Leaving the pattern for the harrowing descent into Uli, a plane threads through Biafran ack-ack thrown up by gunners who confuse friendlies with the Intruder. As they near ground level, crews must maneuver in darkness for all but the final 30 seconds before touchdown. The runway is really only a section of the road between Uli and Mgbidi that has been widened to 75 feet. "That's a nice wide road," comments one flyer, "but a damned narrow runway." Airplanes' wheels have no more than a 20-ft. margin on either side. Wingtips brush treetops, and to avoid running out of runway, pilots reverse their propellers and "stand" on their brakes. Not infrequently, an incoming pilot discovers that the control tower has blithely sent a plane out above or below him.

Whisky and Al Capone.
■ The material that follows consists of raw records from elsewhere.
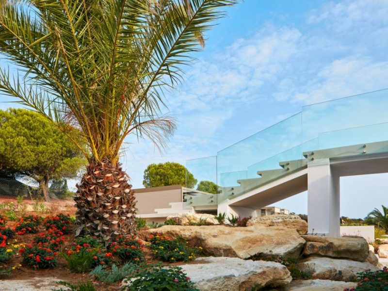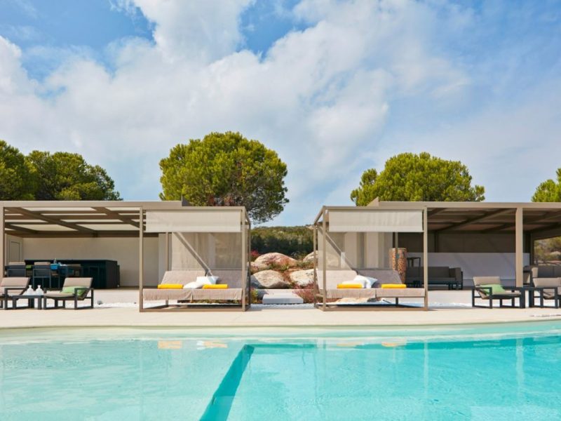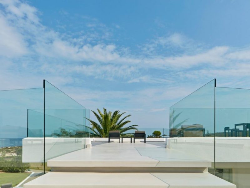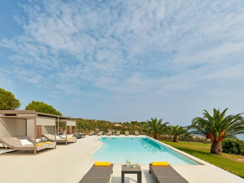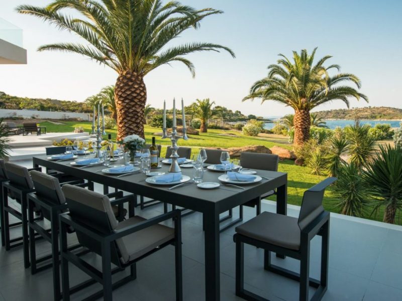 This 10-bedroom architectural jewel is located on the private and unspool island between two natural coves of crystal-clear water.
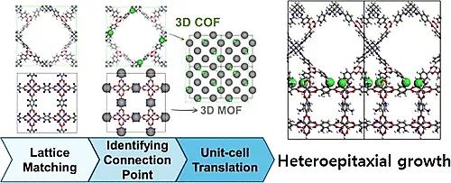 共價-有機框架(COFs)是多種能源/環境應用中具有前途的候選材料,但與金屬-有機框架(MOFs)等其他多孔材料相比,這些材料更難合成。這項研究開發了一種使用MOFs作為襯底的計算篩選算法,以便在理論上實現三維COFs(3D COFs)的異質外延生長。該算法在原子/分子水平上詳細描述了MOF@COF的界面,以便使用自下而上的方法構筑3D COFs。最終,該算法產生了19對適合在MOF表面異質外延生長3D COFs的MOF@COF候選材料。
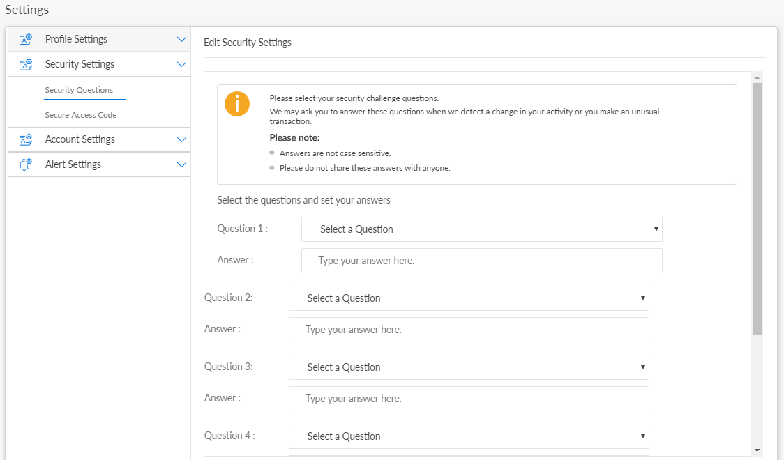 Under the Security Settings section, click Security Questions. If you have not set up the security questions earlier, you can set up the questions now. Otherwise, click Reset Questions. The app displays the Edit Security Settings screen.

To soothe their psyches, mercy pilots turn the shuttle into a competition. Each tries to make three flights a night; this means leaving Uli near sunup on the third run and dodging dawn-patrol Nigerian MIGs. But three flights are almost impossible. Diversions because of the Intruder eat up time; so does the fact that Uli can accommodate only eight planes easily and gives priority to the gunrunners. Weakened by hunger, Biafran ground crews sag noticeably unloading second or third flights. When the Ilyushin drops one of its bombs, the Biafrans vanish, leaving the plane crews and church officials to offload the cargo themselves. Twenty-four missions in one night is the squadron record. The average is closer to half that many.

Pay for facing such hazards ranges upwards of $5,000 a month. Even at those wages, most U.S. crews of the C-97s that reached Africa in January are already refusing to fly any more and are returning home. The Europeans, mostly veteran pilots too old or to flaky to be hired by regular airlines, are thus still bearing the brunt of the shuttle, though they have been flying only two nights out of every four instead of every night, as they did before the ex-U.S. Air Force C-97s arrived.
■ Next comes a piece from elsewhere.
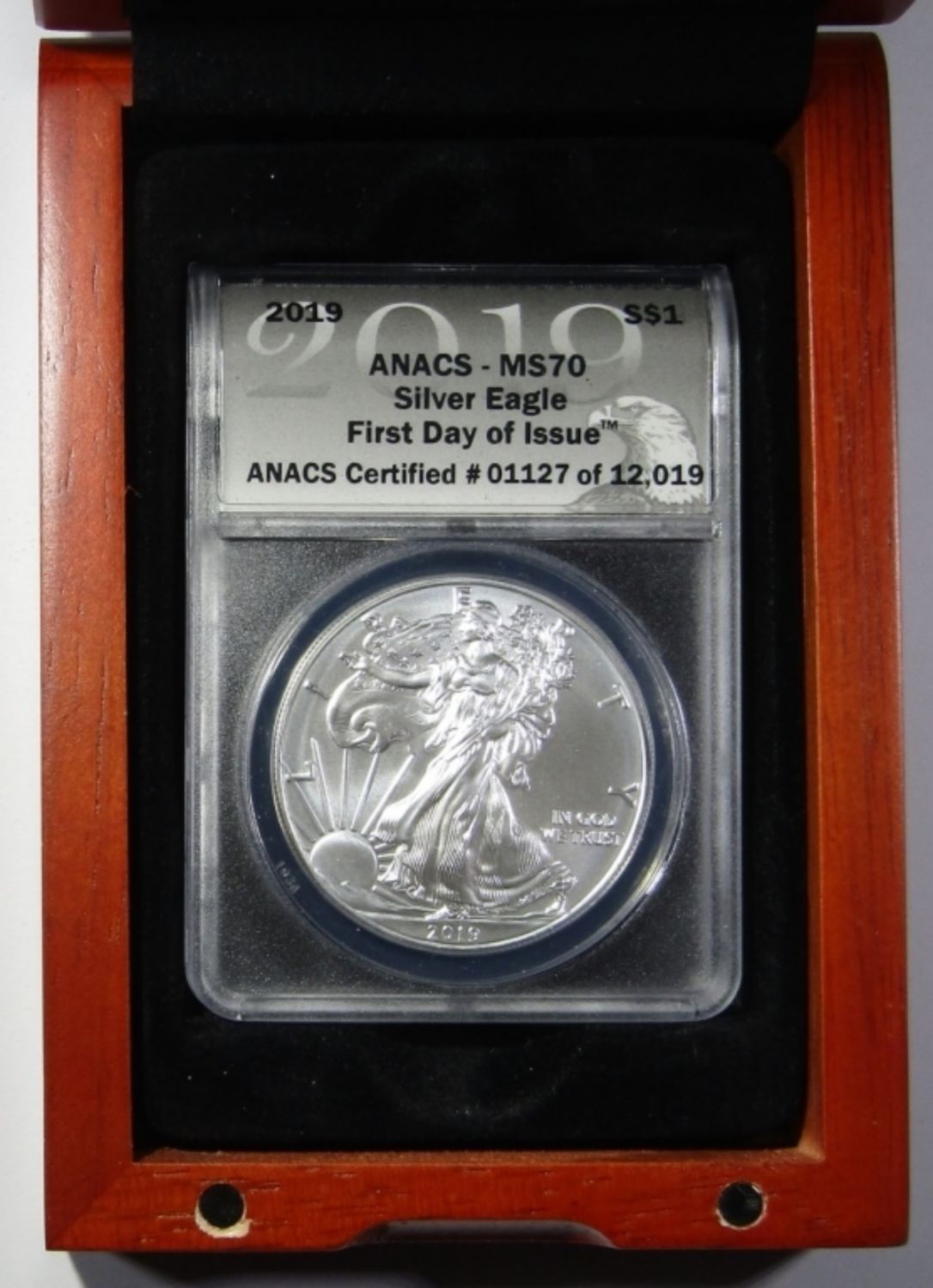 FIRST DAY OF ISSUE. IN WOODEN DISPLAY CASE.

Life on Sao Tome between flights is expensive and dull. Hotel beds cost $9 a day and car rentals in some cases are $250 a month. The Portuguese businessman who rents the beds and leases the cars is referred to, unaffectionately, as Al Capone. Returning from a night's work, crews breakfast--usually on whisky to untangle their gut knots--sleep, swim, send money home. Like all airmen, they do a lot of ground flying: when their ecclesiastical employers are out of earshot, they talk of bombing Lagos or heroically knocking down the Intruder by maneuvering a wingtip under his wingtip in the darkness and "flipping his ass to kingdom come." They joke grimly over the fact that their nightly flights mean only a trickle of food for Biafra's famished population. Then, as day begins to vanish over Sao Tome, dinner is served, the cargo trucks depart, the ancient aircraft cough into life, and the shuttle resumes.